Ethics in Journalism Grant
Early in the process of acquiring the OPUBCO collection, OHS applied for a $300,000 grant from the Ethics in Journalism Foundation. The funds cover two years and are being used to digitize, process, and store the collection for presentation in The Gateway to Oklahoma History. Initially the funds helped hire staff and purchase supplies to move the collection from the OPUBCO headquarters to its current location at the Oklahoma History Center. Now that the project is under way, the funds pay for digitization of the collection at the records conversion division of Oklahoma Correctional Industries; workers scan the original photos and prepare metadata. Grant funds also support UNT’s processes for ingesting the data into The Gateway to Oklahoma History. Because the grant funding lasts only two years and OHS anticipates the project will extend some years into the future, OHS may need to seek an alternative source of funding when the grant ends.
The Workflow
The workflow for digitizing the OPUBCO Photograph Collection comprises five distinct steps: image preparation, image and metadata capture, metadata cleaning, metadata mapping, and metadata quality control.
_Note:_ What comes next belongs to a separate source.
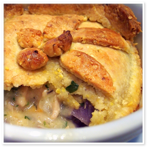 5. Meanwhile, prepare pastry. On a lightly floured surface, roll into a circle, about 1 inch larger than pie plate. Place over filling. Trim pastry and flute edge; cut several slits to allow steam to escape. Decorate top if desired. Brush surface with 2 teaspoons milk.
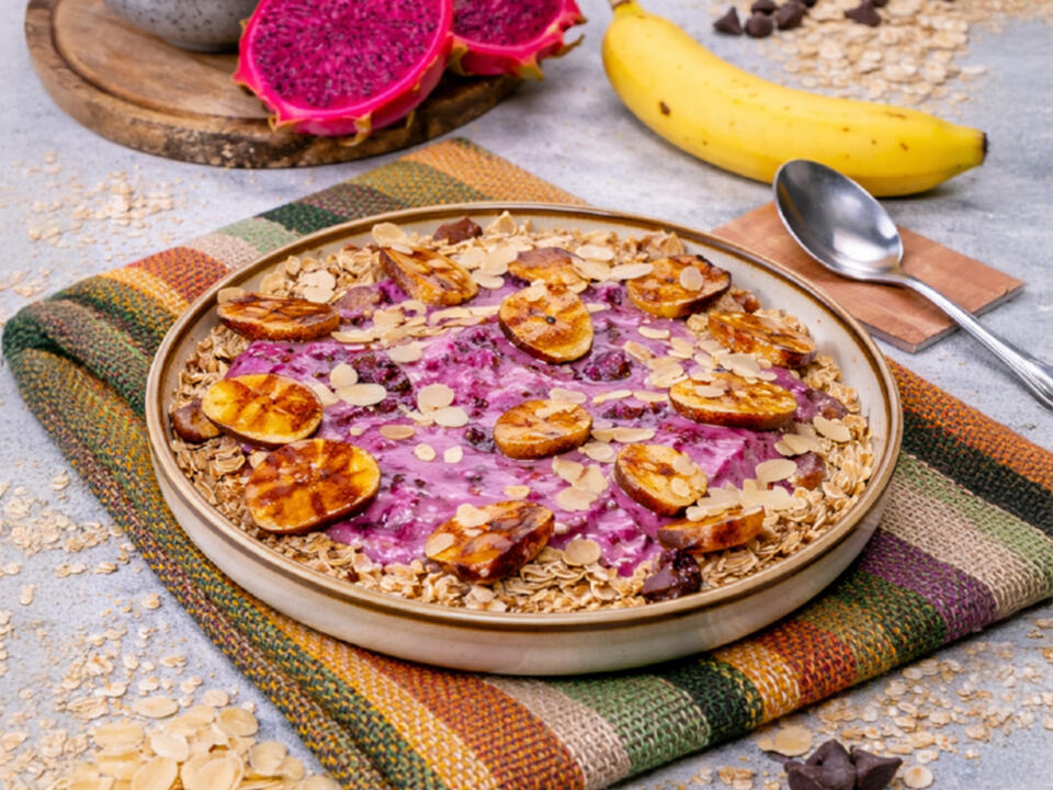 płatki owsiane górskie, mleko bez laktozy, czerwona pitaja, banany, gorzka czekolada,

During the first step, photo archivists at the Oklahoma Historical Society prepare images for the digitization process by pulling photographs that will not be included in the project. The remaining photographs are delivered to Oklahoma Correctional Industries where the digitization and metadata extraction occurs. The images are scanned at 300 ppi and saved in the TIFF format; due to the size of the project, the backs of the photographs are not scanned. As part of the digitization process, the contractors generate descriptive metadata by transcribing information from the photograph file into a spreadsheet (see Table 1), with each row representing a single photograph and each spreadsheet representing an entire archival box.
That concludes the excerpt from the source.